There‘s no way it would be level, and that‘s one of the problems. And I think the people out there realize that. And they also realize that you know they promised the same level playing field for Medicare back in 1965. It wasn‘t long until they realized they couldn‘t keep up and had to start setting prices.

Today Medicare pays less than 20 percent to doctors, less than 30 percent to hospitals, and by the way, Medicare‘s $38 trillion in unfunded liability, that‘s what you get when you just have the federal government involved.

MATTHEWS: Do you think there‘s any chance—let me ask you if you would be open to it. If this thing looks like a draw, if it looks like the Democrats are not going to get enough of a bill by Thanksgiving that they can claim victory with and they see that coming, is there any chance they‘re going to sue for peace like I guess we did with Laos back in the ‘60s when Kennedy said, we can‘t win the war, let‘s get together and go to Geneva?

Is there any chance that your party would want to help this president get anything through, or do you want him to lose, period?

HATCH: I can tell you how to do it right now, I mean, there—in a bipartisan way. And there are some Democrats who really literally would like to work with us and get this done. There are ways of doing this, and ways of—but we‘re a long way from that right now.
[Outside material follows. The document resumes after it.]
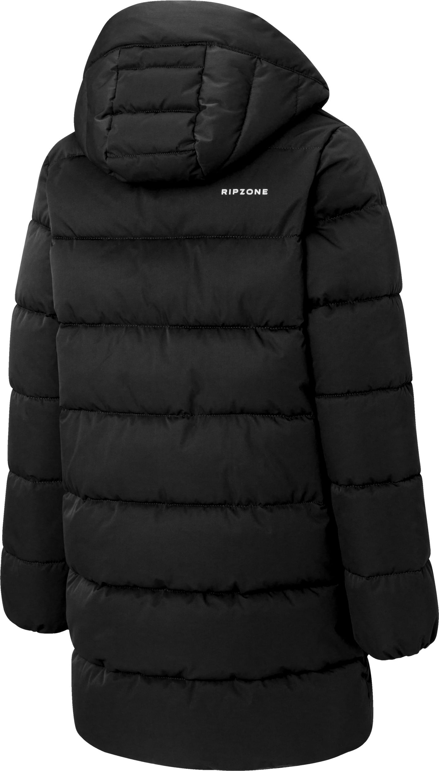 The Ripzone Girls' Saturday Long Puffy Jacket offers a long silhouette for extra coverage and warmth on chilly days. Insulated with down-like Primaloft Thermoplume 100% PCR and treated with a durable water-resistant, this puffy jacket will be ready to take on the winter day in modern style. It includes hand warmer pockets and a fixed hood to keep you covered on outdoor adventures.

And I have to tell you, the Democratic party has gone very far to the left. Some of our party has gone pretty far to the right. And to be honest with you, I don‘t know many moderate Democrats. There are a few, but certainly not like Chuck Schumer has been talking.

MATTHEWS: Well, there aren‘t many moderate Republicans left either. Let me ask you, Senator, as you know the Northeast is withering. Let me ask you, do you—would you sign on to any health care bill this year, any bill?

HATCH: Well, yes, if we could do it right. You know, to be honest with you, they want to do this public option or what I call a government option, and yet they want to take $500 billion out of Medicare. And.

MATTHEWS: Yes, I know. Well.

(CROSSTALK)

HATCH: Well, suppose they drop the public option and put in tort reform. Would you sign on? Right on that trade, right there. Get rid of the public option and go to tort reform.

MATTHEWS: Well, tort reform would be a way to go. I just read an article where.

HATCH: Well, would you be on the bill? Would you be on the bill then, or is it just a stupid negotiation? Are the Democrats negotiating with themselves? If no Republicans will join, why should they compromise with nobody?

HATCH: Well, personally, I believe what we ought to do is what we did with the original CHIP bill that everybody said worked beautifully. What we did is we block-granted it to the state, let the states set their own standards and work it out in the states according to their own demographics.

We have 50 states. We have 50 state laboratories. We can look and see what really works and what really doesn‘t. Pick and choose from the other states. But the fact of the matter is if we did something like that, there‘s about 80 percent of health care that I think we could bring both sides together on.

The problem is when you get to the money, Democrats are—they want to spend and they think everything can be solved by spending. Well, we can‘t spend the way they want to. If we do that, we‘ll bankrupt the country and we won‘t get a very good health care bill to boot.

You know, the federal government isn‘t the last resort. It isn‘t the last dance in everything.

MATTHEWS: I understand.

HATCH: In fact, it‘s a problem.

As our own Jon Perr noted Hatch, along with Grassley and Enzi, has been pushing the “superfilibuster” hurdle on health care for over a month-- GOP: Health Care Needs More Senate Votes Than Social Security, Medicare.